L’Hypersexualisation de la société
par Kookaburra
jeudi 20 juin 2013
Les références à la sexualité deviennent omniprésentes dans l’espace public : à la télévision, à la radio, sur internet, dans la presse. Dans la publicité et dans les magazines l’allusion à la sexualité et l’apparence sexy sont prédominantes. Les produits offerts aux petites filles - les poupées fortement sexualisées, le maquillage et les vêtements sexy - encouragent l’érotisation de l’enfance, ce qui n’est peut-être pas totalement étranger au phénomène de l’augmentation de la pédophilie..
Dès leur plus jeune âge, la société enseigne aux filles et aux garçons des attitudes et des comportements sexués. On perce les oreilles des petites filles, on les habille de petites robes sexy, on leur met du brillant à lèvres, et on leur lit des histoires de princesses et princes charmants. On leur propose des poupées Barbie avec un string comme sous-vêtement. Adolescentes, leurs magazines préférées les invitent à utiliser leur apparence physique et la sexualité pour plaire et être reconnues. Elles grandissent alors dans un environnement culturel qui est incrusté de messages à caractère sexuel. Au lycée on voit des filles arriver nombril à l’air, jean au niveau du pubis. L’accroissement du nombre de viols, ne serait-il lié à cet hyper-sexualisation ?
L’hyper-sexualisation exerce aussi une forte pression sur les adultes. Les femmes sont particulièrement visées et exploitées par l’industrie de la beauté qui leur propose les remèdes et régimes miracles pour demeurer jeune et sexy, comme si c’était là leurs seules valeurs. Les images provocantes de femmes nues ou légèrement vêtues sont particulièrement abondantes dans la publicité. Les femmes deviennent ainsi des objets sexuels.

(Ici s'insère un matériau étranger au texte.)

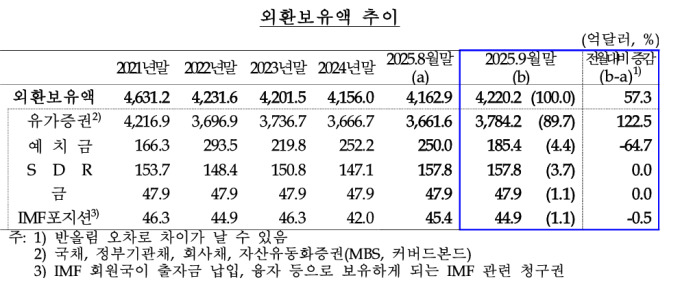 실제 한은은 9월말 외환보유고가 전월에 비해 57.3억 달러가 증가한 것은 운용 수익 증가와 분기말 효과로 인한 금융기관의 예수금 증가 때문이라고 밝혔다. 외환보유고는 22개월만에 4200억 달라러를 넘었다.

La publicité, la télévision, le cinéma et les nouveaux médias influencent significativement notre perception de la sexualité et des relations entre les sexes. Nous reproduisons, souvent sans nous en rendre compte, les attitudes et les comportements présentés par ces médias. Ceux-ci nous enseignent indirectement quel est notre rôle dans une relation de couple, comment une femme ou un homme « normal » doit se comporter, comment être sexuellement attirant, etc. Ceci a pour résultat de banaliser la sexualité et de la ramener au rang de produit de consommation. Plus inquiétant, l’association entre le sexe et la violence est très fréquente dans ces productions. L’agression sexuelle, le harcèlement et la violence y sont souvent présentés comme des manifestations de la passion amoureuse.
Avec la marchandisation du corps de la femme, la sexualité est de plus en plus inspirée de la pornographie. L’utilisation du corps des femmes, des filles et aussi des hommes, comme marchandise, que ce soit dans la vente de produits de vacances, des automobiles, des parfums ou même des boissons gazeuses, est inspirée ouvertement de la pornographie. Qu’il soit question de la mode ou des publicités, les femmes sont vues comme disposées, disponibles, et prêtes à être l’objet de fantasmes. L’image de la femme est présentée sous l’angle d’un fantasme masculin. Le lien entre la pornographie et la violence sexuelle a fait l’objet de débats vigoureux pendant des années, et l’évidence d’un lien de causalité entre les deux est forte. On pense qu’à cause de leurs propriétés excitantes, les stimuli érotiques peuvent avoir des effets favorisant l’agressivité.
Notre société est parfois bien paradoxale. Elle condamne, à juste raison, la pédophilie qui utilise le corps de l’enfant, pour assouvir des pulsions adultes, et, en même temps, la publicité et les médias n’hésitent pas à exposer ce même corps dans des postures lascives ou provocatrices qui relèvent de la sexualité des adultes. Cela concerne tout particulièrement les petites filles dont l’apparence voulue est parfois très tôt sexualisée.
Il n’y a pas si longtemps, les enfants jouait au papa et à la maman. Aujourd’hui, on joue aux femmes fatales à 8 ans. Ces jeunes filles et garçons sont le reflet de nos sociétés, cultures et civilisations qui elles, les hypersexualisent, comme elles sexualisent et hypersexualisent tout. Ils sont notre miroir.